Jones & Bartlett Learning Medicine Blog

    Perioperative Statin Therapy Reduces Perioperative Cardiac Events and Hospital Length of Stay

    Posted by Joseph Esherick on Aug 28, 2012 9:47:52 AM

    Perioperative statin therapy has long been felt to confer cardiac protection during both cardiac surgery and major noncardiac surgery.  Until recently the data have been scarce to definitively make claims in support of this belief.  In 2004, Durazzo et al. conducted the first randomized trial examining the use of Perioperative statins in major noncardiac surgery.  They compared the use of atorvastatin 20 mg daily compared against placebo initiated 2 weeks prior to elective major vascular surgery and continued for 45 days post-operatively.  The investigators found that statins were associated with a 70% relative risk reduction of the combined end-point of death, nonfatal MI, unstable angina, or stroke. [1] Prior to this in 1999, Christenson had demonstrated cardioprotective effects of statins during coronary artery bypass grafting surgery. [2]

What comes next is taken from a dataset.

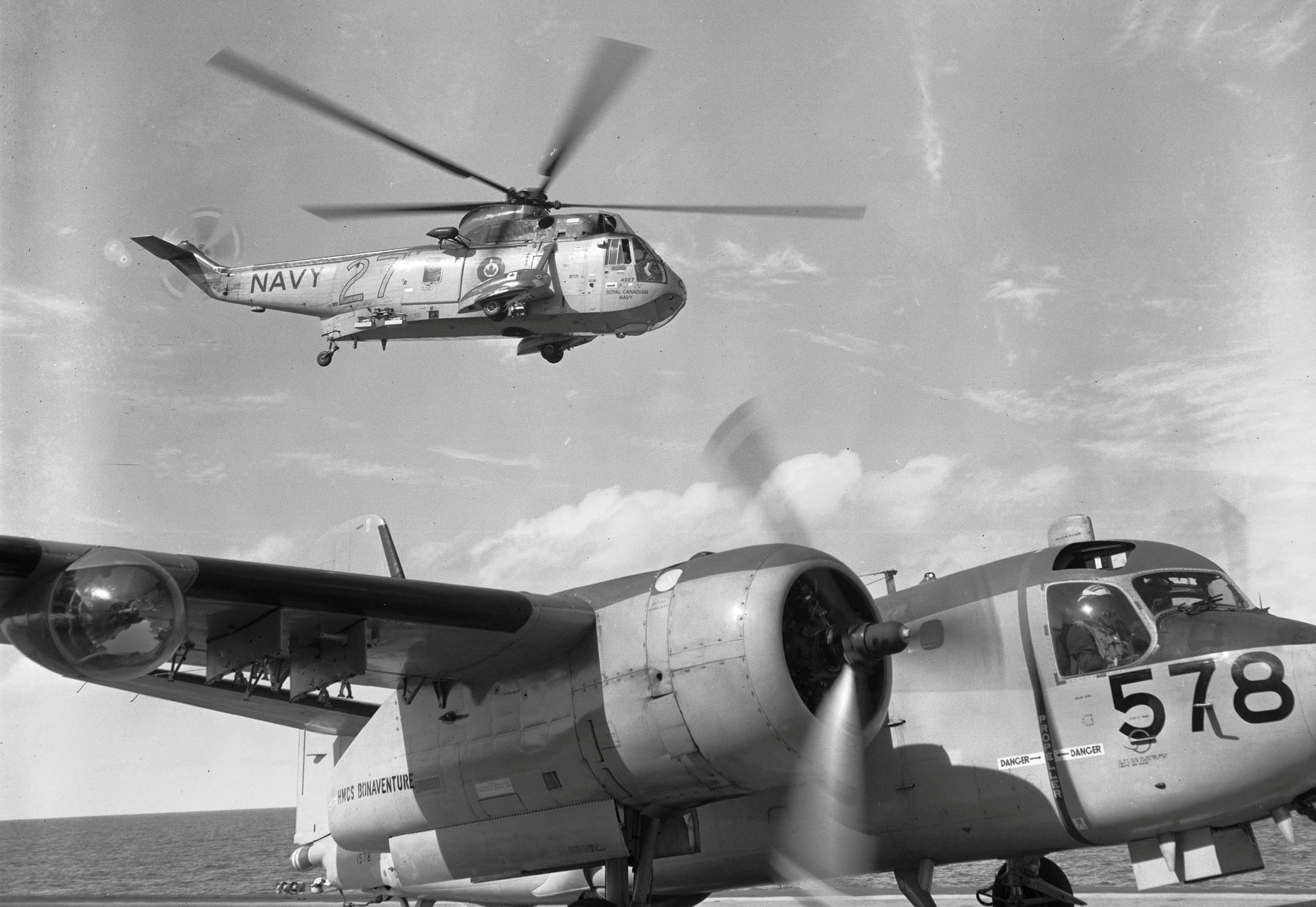 Sikorsky CH-124A Sea King (Serial No. 4027) over RCN de Havilland Tracker (Serial No. 1578), 1968.

    Statins are thought to be beneficial for a myriad reasons:

    • They lower lipids and have additional pleiotropic effects.
    • The cardioprotective effects of statins during the perioperative period is more likely related to their pleiotropic effects than their lipid-lowering effects.
    • Statins inhibit the action of HMG-CoA Reductase which is the rate-limiting step in cholesterol synthesis, but effective lipid lowering takes months.
    • Perioperative studies have demonstrated that statins confer a cardioprotective benefit when started even 1-2 weeks in advance of major surgery.
    • These pleiotropic effects of statins include suppression of endothelial nitric oxide which promotes coronary vasodilation.
    • Statins also reduce lipopolysaccharide-induced tissue factor release, decrease plasminogen activator inhibitor levels, and increase tissue plasminogen activator; the combination of which reduces coronary thrombosis.
    • Statins also have anti-inflammatory properties which may provide more plaque stability. [3]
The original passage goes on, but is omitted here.